Repeat the span of the entries below that starts at the line with "与古田 亞矢乃さんを姓名の画数から五運を鑑定" and ends at the line with "4、在搜索框输入手机号,点击", nothing more. Skip the pictures.

====== Information shown ======

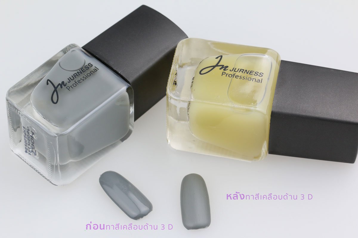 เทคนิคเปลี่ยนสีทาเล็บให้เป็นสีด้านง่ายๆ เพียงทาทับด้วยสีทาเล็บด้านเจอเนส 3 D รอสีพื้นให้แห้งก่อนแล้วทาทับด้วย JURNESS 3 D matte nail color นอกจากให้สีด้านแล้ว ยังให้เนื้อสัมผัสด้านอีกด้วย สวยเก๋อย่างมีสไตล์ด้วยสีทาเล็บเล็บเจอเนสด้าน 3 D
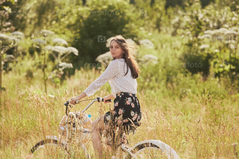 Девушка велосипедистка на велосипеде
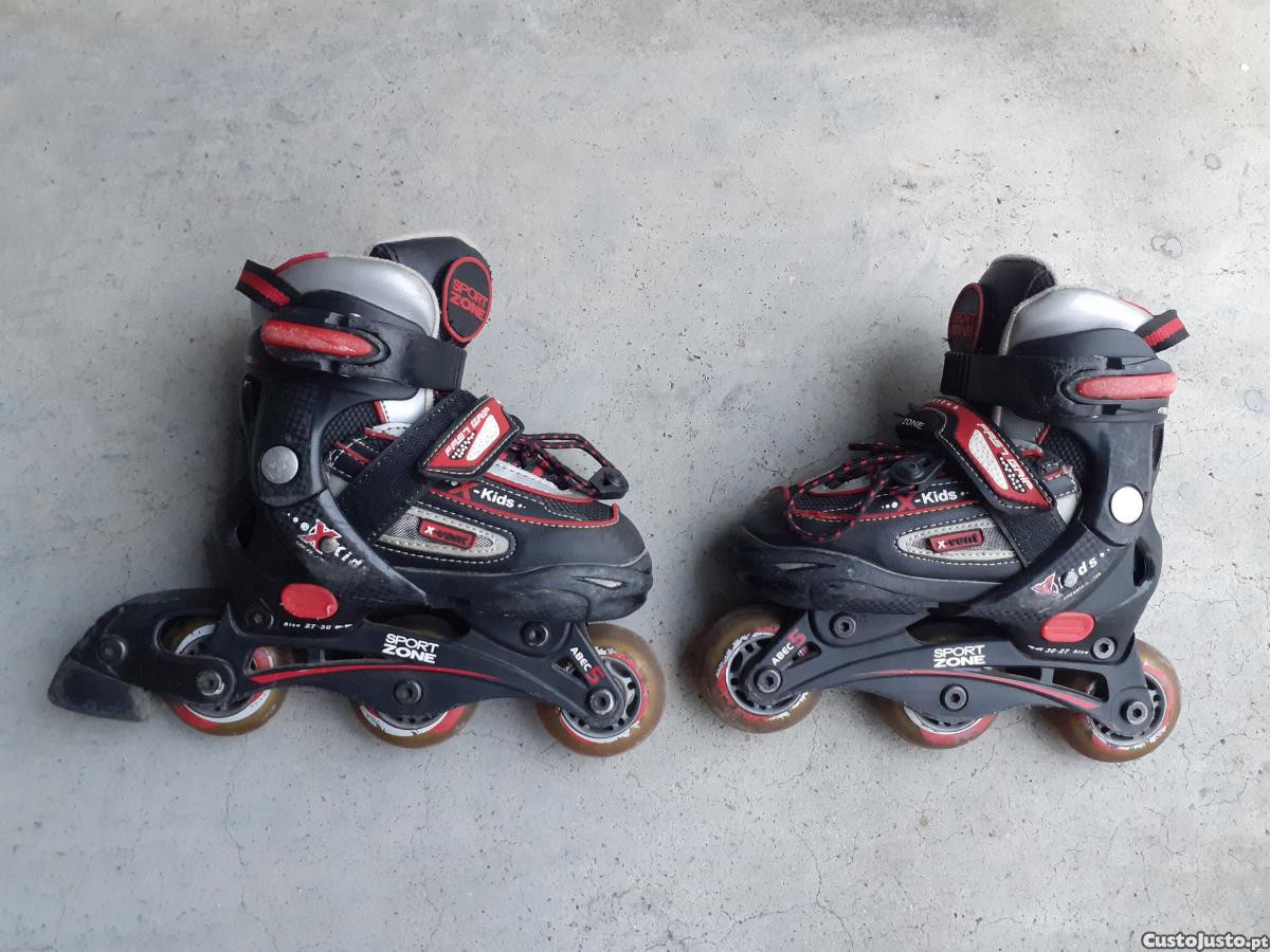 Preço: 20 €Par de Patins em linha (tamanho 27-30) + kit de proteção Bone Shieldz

======
====== Information shown ======

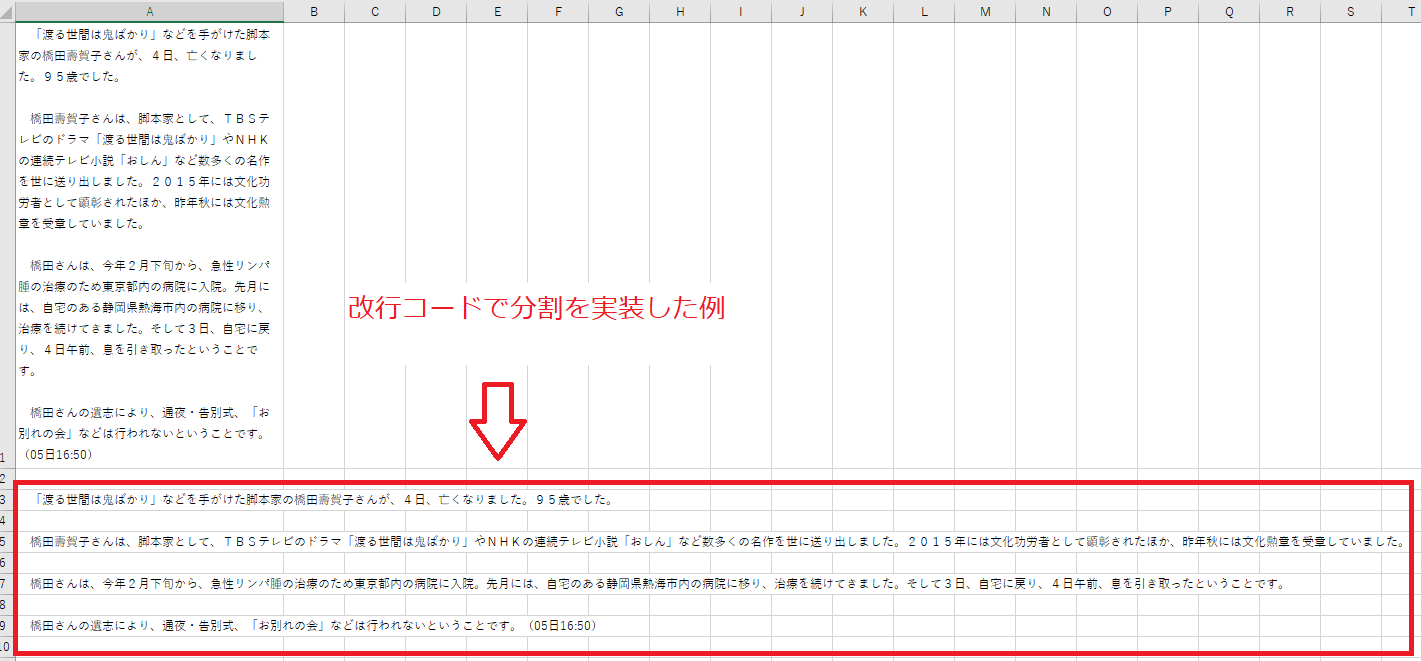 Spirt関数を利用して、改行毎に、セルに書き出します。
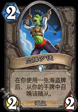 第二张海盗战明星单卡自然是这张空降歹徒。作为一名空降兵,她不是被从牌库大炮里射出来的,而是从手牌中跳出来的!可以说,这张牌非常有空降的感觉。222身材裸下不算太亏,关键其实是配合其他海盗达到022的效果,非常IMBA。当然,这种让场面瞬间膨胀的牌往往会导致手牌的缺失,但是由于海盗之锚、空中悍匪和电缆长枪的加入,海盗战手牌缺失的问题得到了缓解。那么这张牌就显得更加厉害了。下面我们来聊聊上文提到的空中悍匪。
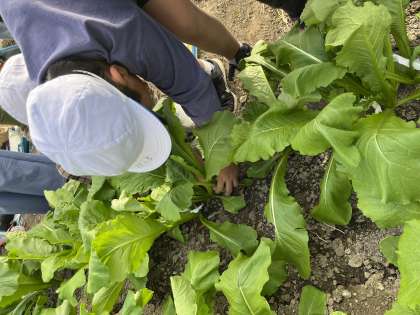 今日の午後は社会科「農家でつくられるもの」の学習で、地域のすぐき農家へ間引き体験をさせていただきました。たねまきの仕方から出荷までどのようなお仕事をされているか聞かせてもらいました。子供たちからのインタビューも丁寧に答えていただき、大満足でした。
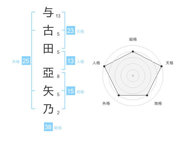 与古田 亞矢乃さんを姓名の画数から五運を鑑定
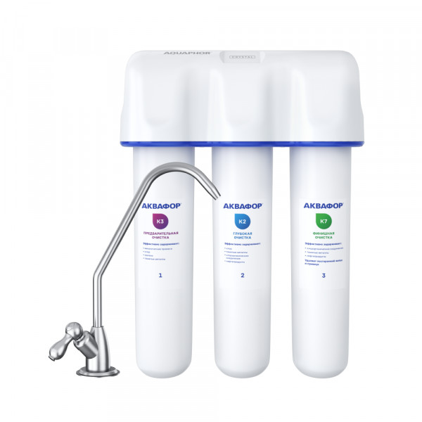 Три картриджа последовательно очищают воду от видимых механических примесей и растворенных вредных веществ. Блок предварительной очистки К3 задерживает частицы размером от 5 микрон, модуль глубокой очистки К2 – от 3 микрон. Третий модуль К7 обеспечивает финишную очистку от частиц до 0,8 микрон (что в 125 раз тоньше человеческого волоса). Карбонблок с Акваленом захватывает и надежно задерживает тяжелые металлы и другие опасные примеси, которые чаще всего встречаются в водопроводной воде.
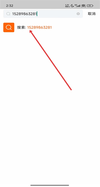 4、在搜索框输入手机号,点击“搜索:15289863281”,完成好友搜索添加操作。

======

> **Expected output**:
 与古田 亞矢乃さんを姓名の画数から五運を鑑定
 Три картриджа последовательно очищают воду от видимых механических примесей и растворенных вредных веществ. Блок предварительной очистки К3 задерживает частицы размером от 5 микрон, модуль глубокой очистки К2 – от 3 микрон. Третий модуль К7 обеспечивает финишную очистку от частиц до 0,8 микрон (что в 125 раз тоньше человеческого волоса). Карбонблок с Акваленом захватывает и надежно задерживает тяжелые металлы и другие опасные примеси, которые чаще всего встречаются в водопроводной воде.
 4、在搜索框输入手机号,点击“搜索:15289863281”,完成好友搜索添加操作。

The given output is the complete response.